Der Anfang von allem

Wie es begann

Das Glück

Andere Dinge

Zweifel

Das Ende

Impressum neobooks

Der Anfang von allem

Die Erinnerung ist das einzige Paradies, aus dem der Mensch nicht vertrieben werden kann.

Jean Paul

Und weiterhin:

Ohne Musik wäre das Leben ein Irrtum (Friedrich Nietzsche)

…de la musique avant toute chose – et tout le reste est litérature (Paul Verlaine)

[ja, ja, ich weiß schon …]

…brings me back to the days when life was good and things were simple. Listened on our transistor radio. Wish I could go back… (courtesy of 1Sparklecat2/youtube)

Eine nostalgische Erzählung für die Liebhaber der Beatmusik

„Sixties West Germany“

das ist die lust- und lehrreiche Geschichte/von Wolfgang und Birgit, gründlich erzehlet/und mit exempeln anmuthiger anglischer Verse untersetzt/nebenst etlichen Sinnreden und allerley Welt Geschichten/so sich in Teutschland begeben und zugetragen/verfertiget und vor ein kurtzweilig lesen lustigen Gemütern zu gefallen herausgegeben

von

Rolf Platho

Guten Tag, liebe Beat-Freunde.

Nun ist es endlich soweit. In wenigen Sekunden

beginnt die erste Show im Deutschen Fernsehen,

die nur für Euch gemacht ist.

Sie aber, meine Damen und Herren,

die Sie Beat-Musik nicht mögen,

bitten wir um Ihr Verständnis:

Es ist eine Live-Sendung mit jungen Leuten

für junge Leute

Und nun geht's los!

Es ist soweit. Endlich. Wir hatten schon nicht mehr geglaubt, dass wir das loswerden. Kann bitte mal jemand Margot Eskens und Freddy Quinn auf einen Frachter nach Surabaya setzen? Schickt die zwei kleinen Italiener auf die Fiesta Brasiliana, wo sie noch einmal den weißen Wolken nachschauen können, während sie in den Morgen tanzen. Und der Cowboy soll sich einen Tirolerhut kaufen, seinen Krimi im Bett lesen und vom Stadtpark die Laternen den Mondschein an der Donau machen lassen. Und Junge, komm bloß nicht bald wieder! (Ihr anderen auch nicht!)

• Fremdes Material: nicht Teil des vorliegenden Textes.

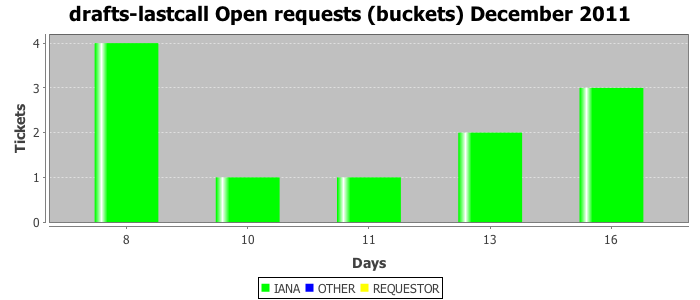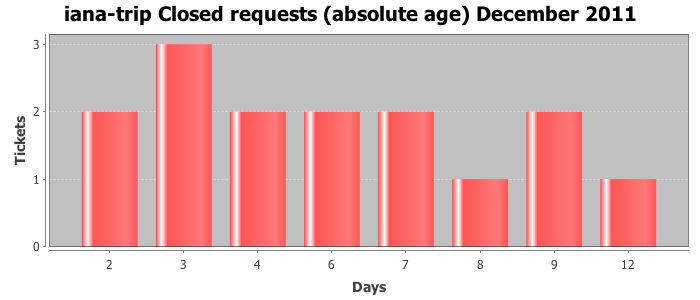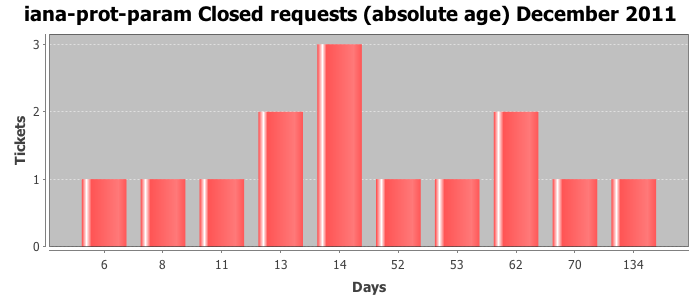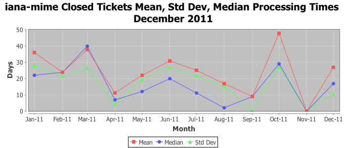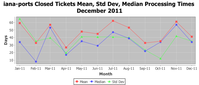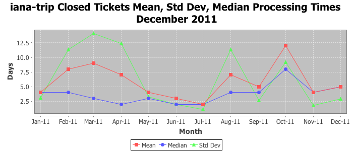 December 2011Due to the nature of resource request reviews, ICANN/IANA and the IETF community are jointly responsible for cooperatively managing the resource request process. ICANN/IANA has control over the functions it performs directly, e.g., receiving requests, making sure they are syntactically and semantically sensible, forwarding the requests to Designated Experts where appropriate, creating and modifying the registries, etc. The IETF community has direct or indirect control over functions performed by third parties, including IESG Designated Experts, the IESG, the IAB, the RFC Editor, and the requester. As such, the processing of requests has a “gross processing time” calendar days goal established for each function and a “net processing time” calendar days goal to reflect time expended directly by ICANN/IANA.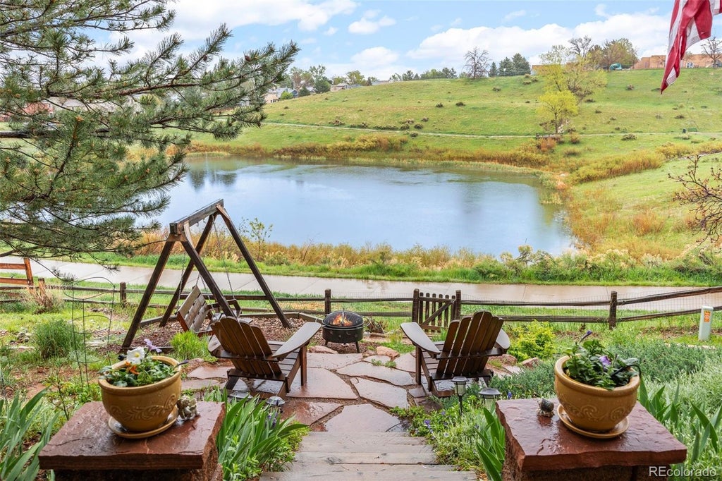 Experience Colorado living at its finest at 7888 Canvasback Circle in beautiful Roxborough Village. Perfectly set in the foothills, this inviting two-story home backs to open space with stunning views of the ponds and westerly mountains. Enjoy nature at every turn—from blue herons and pelicans to deer and foxes—all from your terraced backyard. Step inside to a bright, vaulted interior that blends modern comfort with the home’s natural surroundings. The open layout connects the living room, kitchen, and dining area, ideal for everyday living and entertaining. The kitchen features GE slate appliances, white cabinetry, a large pantry, and access to the TREX deck—perfect for morning coffee or sunset views. The adjoining family room offers a cozy gas fireplace and plenty of natural light. Upstairs, find four spacious bedrooms, including a primary suite with a 5-piece bath, walk-in closet, dual vanity, soaking tub, and new LVT flooring. The vaulted loft, originally designed as a fourth bedroom, provides flexible space for an office, media room, or guest area with scenic pond views. The walkout basement functions as a private guest suite or rec area with a ¾ bath and direct access to the brick patio and backyard. From the back gate, step onto a walking path that connects to the High Line Canal, Chatfield Reservoir, and nearby trails. Arrowhead Golf Club is only a couple minutes away, offering one of Colorado’s most picturesque courses. Updates include: interior paint (2024), primary bath refresh (2023), new furnace (2023), water heater (2018), newer double-pane windows, and upper TREX deck (2015). Close to Roxborough State Park, Deer Creek Canyon, and Waterton Canyon, this home offers the perfect blend of comfort, nature, and Colorado charm. Schedule your private showing today and experience this exceptional Roxborough retreat for yourself!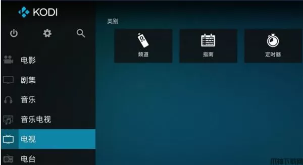 6、回到Kodi首页,选择“电视”-“频道”。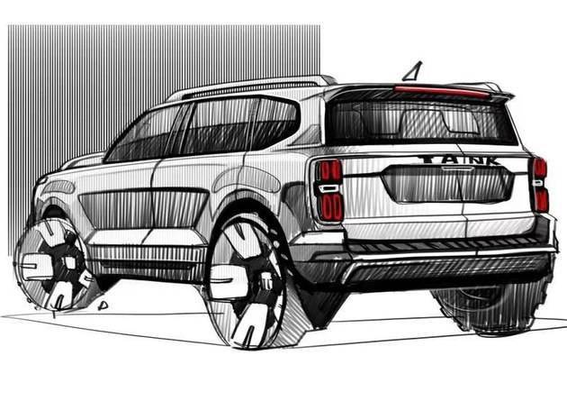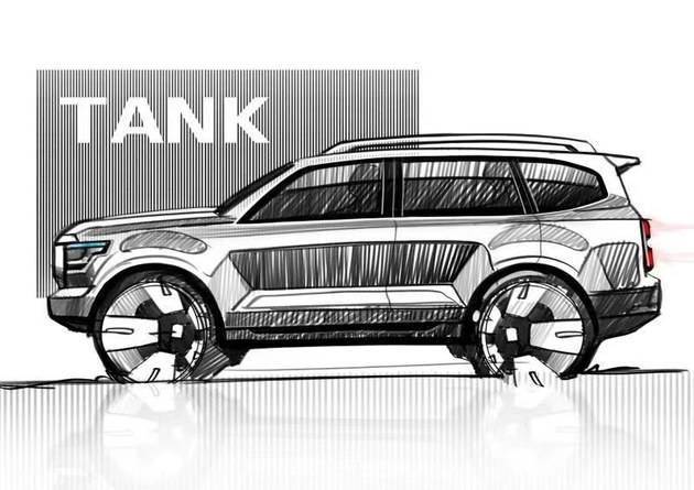 外观方面,从手绘稿可以看出,坦克600采用了有别于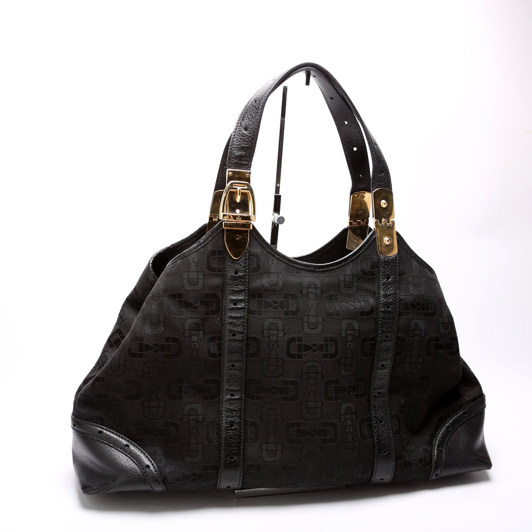 This pre-owned Gucci Horsebit Canvas Creole Hobo is guaranteed 100% authentic. The exterior is in the classic Gucci Horsebit canvas.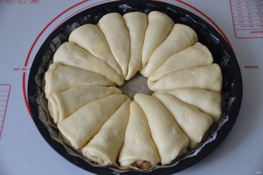 Выложите заготовки из теста в форму диаметром 25-27 см., смазанную сливочным маслом и слегка присыпанную мукой. Дайте расстойку 40-50 минут.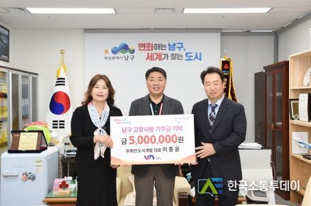 한국소통투데이 관리자 기자 | 지난 6일 부산 남구 고향사랑기부제 제5호 고액 기부자에 ㈜화인도시개발 이종웅 대표가 이름을 올렸다.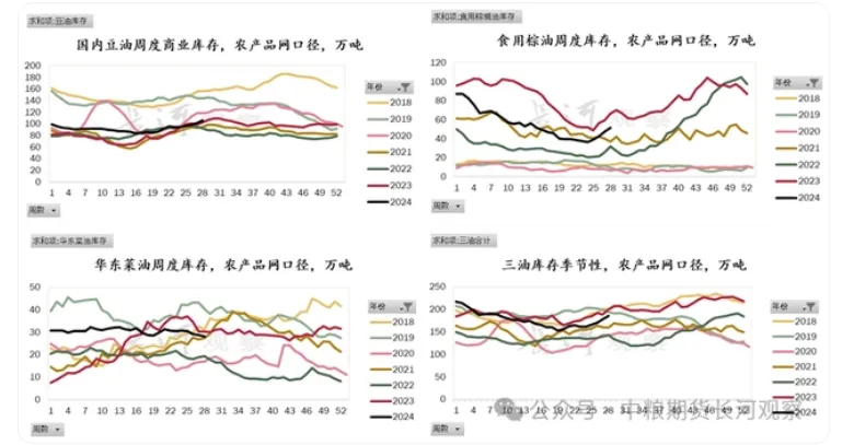 Mysteel数据,截至2024年7月12日(第28周),全国重点地区豆油商业库存106.11万吨,环比上周增加4.25万吨,增幅4.17%。棕榈油商业库存51.568万吨,环比上周增加4.26万吨,增幅8.99%;同比去年66.75万吨减少15.18万吨,减幅22.74%。华东地区主要油厂菜油商业库存约28.10万吨,环比上周减少0.75万吨,环比减少2.60%。三大油脂商业库存总量为196.528万吨,较上周增加8.525万吨,增幅4.53%;同比2023年第28周三大油脂商业库存208.49万吨减少11.96万吨,减幅5.74%。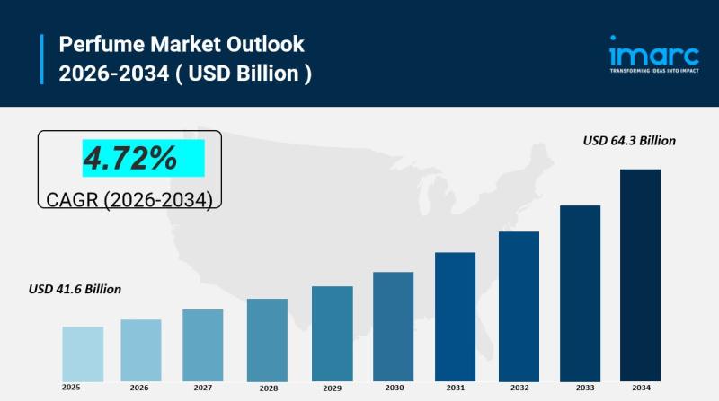 The global Perfume Market was valued at USD 41.6 Billion in 2025 and is forecast to reach USD 64.3 Billion by 2034, growing at a CAGR of 4.72% during 2026-2034. This growth is driven by changing consumer trends and preferences, growing disposable income levels, rapid expansion of e-commerce and online retail, rising innovation in product development and marketing strategies, and expanding presence in emerging markets through globalization.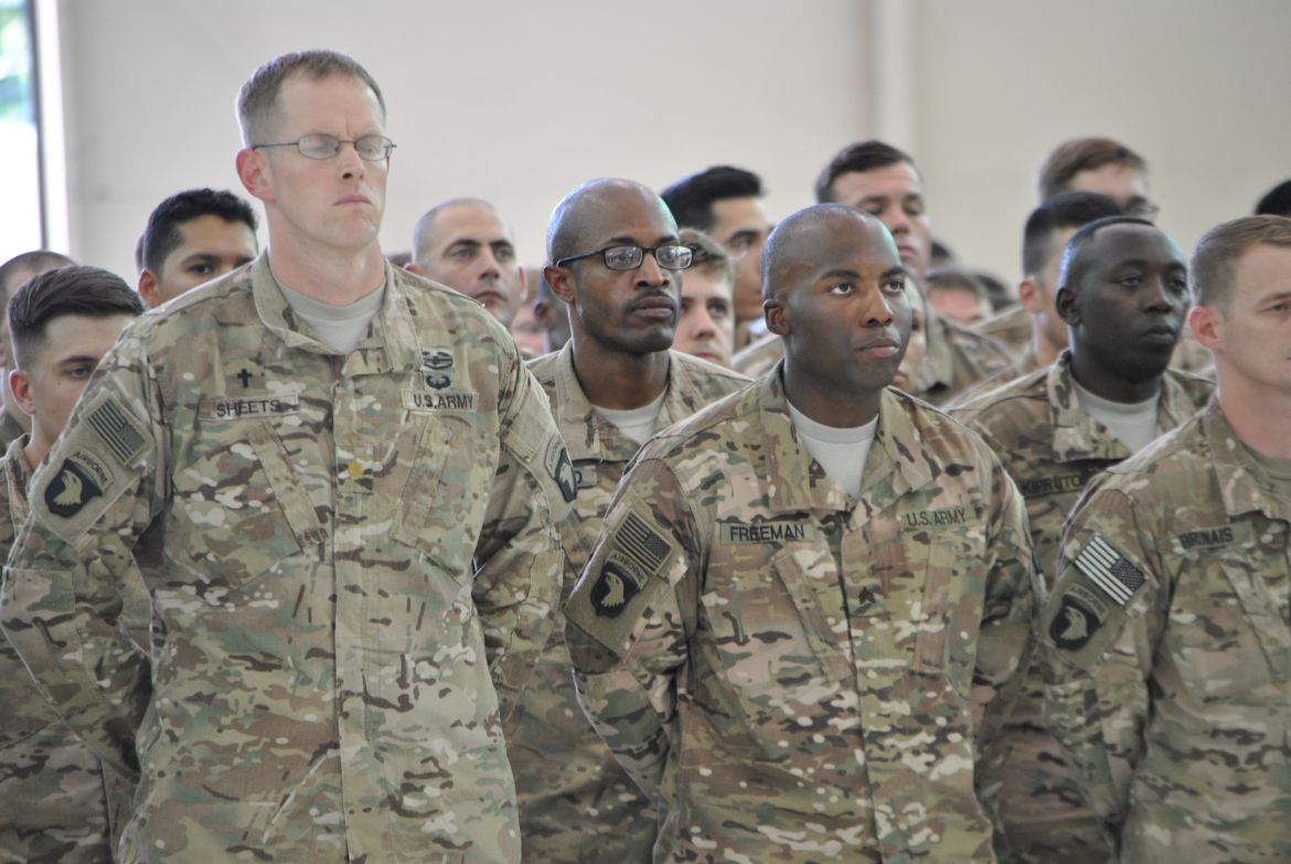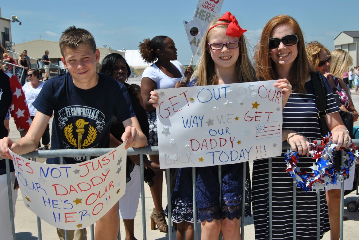 FORT CAMPBELL, Ky. (CLARKSVILLENOW) – It was a little warm inside Hangar 3 at Campbell Army Airfield Monday, but there were still a lot of happy family members and friends at the Welcome Home Ceremony for 193 soldiers with the 3rd Brigade Combat Team (BCT) “Rakkasans” returning from a nine-month deployment to Afghanistan.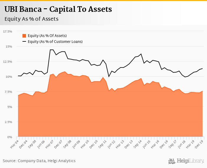 UBI Banca's Equity reached 12.5% of total assets in the 4Q2019, up from 12.1% for the previous year. As a share of net customer loans, the ratio amounted to 22.4% at the end of the fourth quarter of 2019.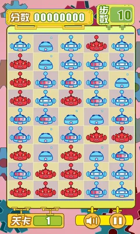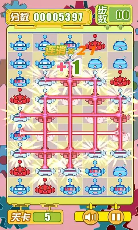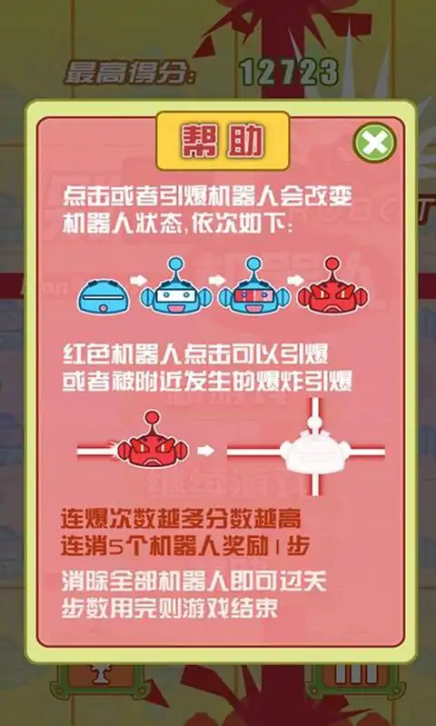 《别惹机器人》是一款非常易上手的微策略十字消除类游戏,游戏的规则简单:每关有固定步数限制,每个机器人有四个有序状态,每点击一次,消耗一次可用步数,被点击的机器人变到下一个有序状态,最后一个有序状态的机器人被点击后发生爆炸,会使其上下左右四个方向上的机器人分别进入下一个有序状态,如此反复,直到爆炸停止;单次引起的爆炸数量越多得分越高,达到一定连消步数还会有步数奖励,消灭掉本关所有机器人,即可进入下一关,步数用完游戏结束。简单轻松、粗暴任性的治愈系游戏别惹机器人。 游戏虽然简单,但想要玩出很高的分数还是要耗费不少脑细胞的,拿别惹机器人开动脑筋打发时间也是不错的选择。如果喜欢消除类的游戏的话,别惹机器人是一个不错的选择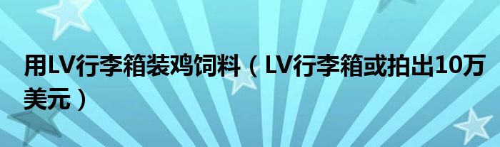 大家好,综合小编来为大家讲解下。用LV行李箱装鸡饲料,LV行李箱或拍出10万美元这个很多人还不知道,现在让我们一起来看看吧!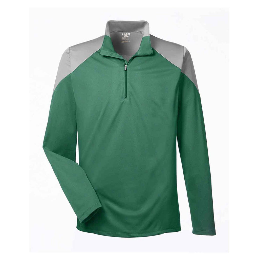 Team 365 Men's Sport Dark Green/Sport Graphite Command Colorblock Snag-Protection Quarter-Zip

Jetzt ist Schluss mit der Lustigkeit, dem Fernweh und den säuselnden Liebesträumereien. Weg mit dem Plüsch der lauen Gefühle, in den Orkus das weinerliche Fernweh, raus mit der albernen Komik. Aus den Augen die trällernden Mädchen und die Baritons in Krawatte mit dem melancholischen Gesichtsausdruck. Macht Platz für die Verstärker, her mit den zappeligen Jungs mit Gitarren, dreht das Transistorradio auf, jetzt ist Zeit für eine neue Generation, eine Musik, hart, eindeutig und klar, laut und fordernd, eine Musik, die zuschlägt, dafür ist das Schlagzeug ja da.

Deutschland war ein blauweißes Tütchen, auch wenn das Bild vorne keinen Matrosen, sondern einen ganz, ganz alten Mann zeigte, gefüllt mit einem unscheinbaren aber wirkungsmächtigen Pulver. Es enthielt den Respekt vor der Obrigkeit, die unantastbare Ordnung der Dinge, in der alles gut und richtig ist und alle die hergebrachten Werte wie der Diener der Jungs und der Knicks der Mädchen vor Älteren, die sich für junge Menschen gehörten. Es enthielt Zucht und Gehorsam in der Familie und die Keuschheit, die so rein und unantastbar war wie Maria, auch dafür sorgte die Kirche. Und plötzlich, es braucht nur ein wenig Feuchtigkeit, beginnt es in der Tüte zu gären und zu toben, es schäumt rosa oder grün und spritzt und zischt und das Brausepulver entfaltet ein Riesenspektakel, das man ihm nie zugetraut hat. Und es war der Beat, der in die Tüte spuckte.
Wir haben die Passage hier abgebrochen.